Histological analysis of the lung sections from the experimental mice showed that TA3_wtb, TA3_ADAMTS-1, and TA3_{ADAMTS-1minusTSP-1} cells were invasive, with the tumor cells occupying most of the pulmonary space (Figure 2Da and b, and data not shown). In contrast, only micrometastases were detected in the lungs receiving TA3_ADAMTS-1NTF, TA3_ADAMTS-1CTF, or TA3_ADAMTS-1E/Q cells (Figure 2Dc and d, arrows; data not shown). To assess whether endogenous and exogenous ADAMTS-1 expressed by TA3 transfectants are cleaved in vivo, the pulmonary tumors derived from TA3_wtb and TA3_ADAMTS-1 cells were lysed, and the proteins were analysed by Western blotting with anti-N-ADAMTS-1 polyclonal antibody, which recognizes the NH₂-terminus of mouse ADAMTS-1 (Figure 1Eb). Our result indicated that endogenous and exogenous ADAMTS-1 were predominantly maintained in full-length form in vivo and no significant NH₂-terminal cleavage fragments were detected (Figure 2E). This result suggests that ADAMTS-1 is maintained in the full-length form in the metastases derived from TA3_ADAMTS-1 cells to exert prometastatic activity and the proteolytic cleavage status of ADAMTS-1 determines its effect (stimulatory or inhibitory) on tumor metastasis.

We then used a subline of LLC that is capable of spontaneous pulmonary metastasis after removal of the primary subcutaneous tumors (Xu et al., 2004a) to confirm the effects of full-length ADAMTS-1, ADAMTS-1E/Q, and the ADAMTS-1 fragments on tumor metastasis and subcutaneous tumor growth, comparing these effects to those obtained with thrombospondin-1 (Tsp-1) and thrombospondin-2 (Tsp-2). For this purpose, we established LLC transfectants containing empty expression vectors (LLC_wtb) or expressing v5-epitope-tagged full-length ADAMTS-1, ADAMTS-1E/Q, ADAMTS-1_NTF, ADAMTS-1_CTF, Tsp-1, or Tsp-2 (Figure 3Aa). ADAMTS-1, Tsp-1, and Tsp-2 are members of thrombospondin type I repeat superfamily (TRS; Tucker, 2004). Tsp-1 is a 450-kilodalton (kDa) homotrimeric ECM protein and is considered as a potent antitumor molecule. Systemic injection or overexpression of Tsp-1 inhibits the in vivo growth of several tumor cells, including LLC cells (Volpert et al., 1998; Streit et al., 2000; Miao et al., 2001). Five independent clonal LLC transfectants expressing an intermediate-to-high level of each transfected gene product were identified and used as pooled populations (Figure 3Aa) in subcutaneous tumor growth and spontaneous pulmonary metastasis experiments following established protocols (Xu et al., 2004a). After removal of the exogenous v5-tagged ADAMTS-1 variants with the anti-v5-antibody affinity columns, these pooled LLC transfectants were found to express similar levels of endogenous ADAMTS-1 (Figure 3Ab and c).

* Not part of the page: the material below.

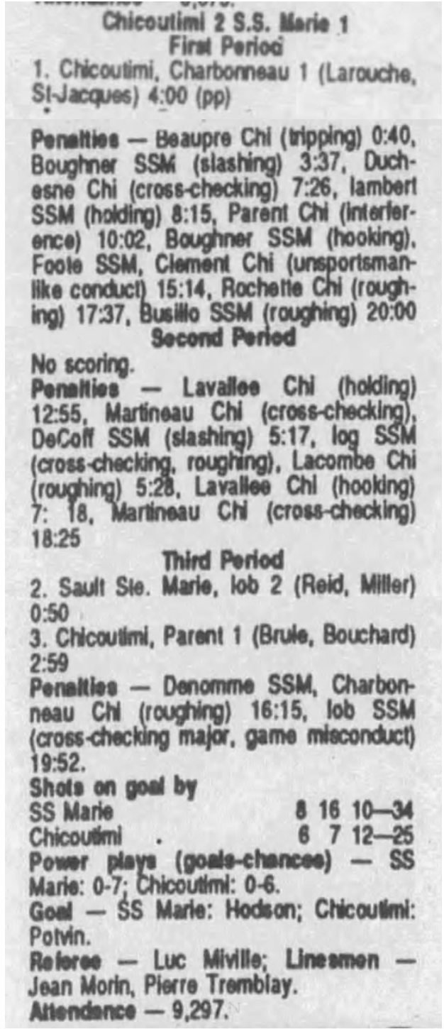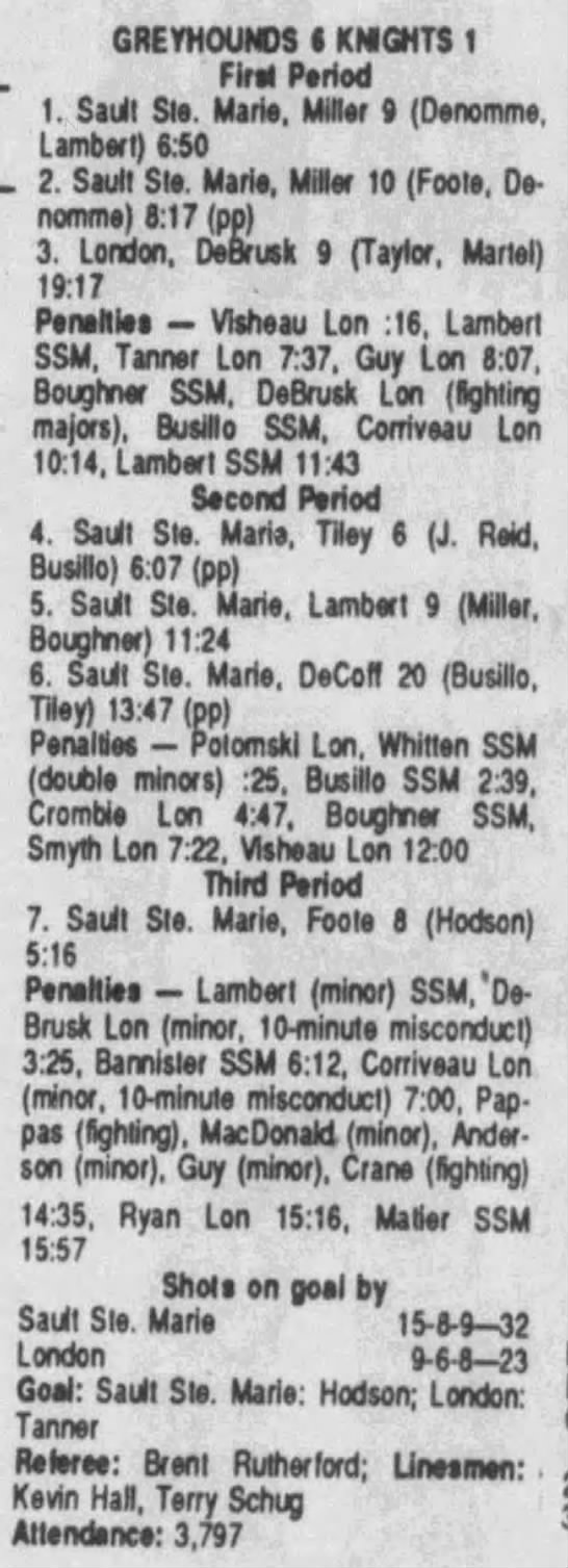 September 27 1990- Soo @ Hamilton (6-1 Soo)

We found that expression of full-length ADAMTS-1 promoted subcutaneous tumor growth and spontaneous pulmonary metastasis of LLC transfectants; in contrast, ADAMTS-1_NTF, ADAMTS-1_CTF, or to a lesser extent ADAMTS-1E/Q had inhibitory effects (Figure 3B–E). Even though LLC transfectants expressed higher levels of Tsp-1 and Tsp-2 than the levels of ADAMTS-1_NTF or ADAMTS-1_CTF, the inhibitory effect of these ADAMTS-1 fragments was greater than that of Tsp-1 or Tsp-2 (Figure 3B–E).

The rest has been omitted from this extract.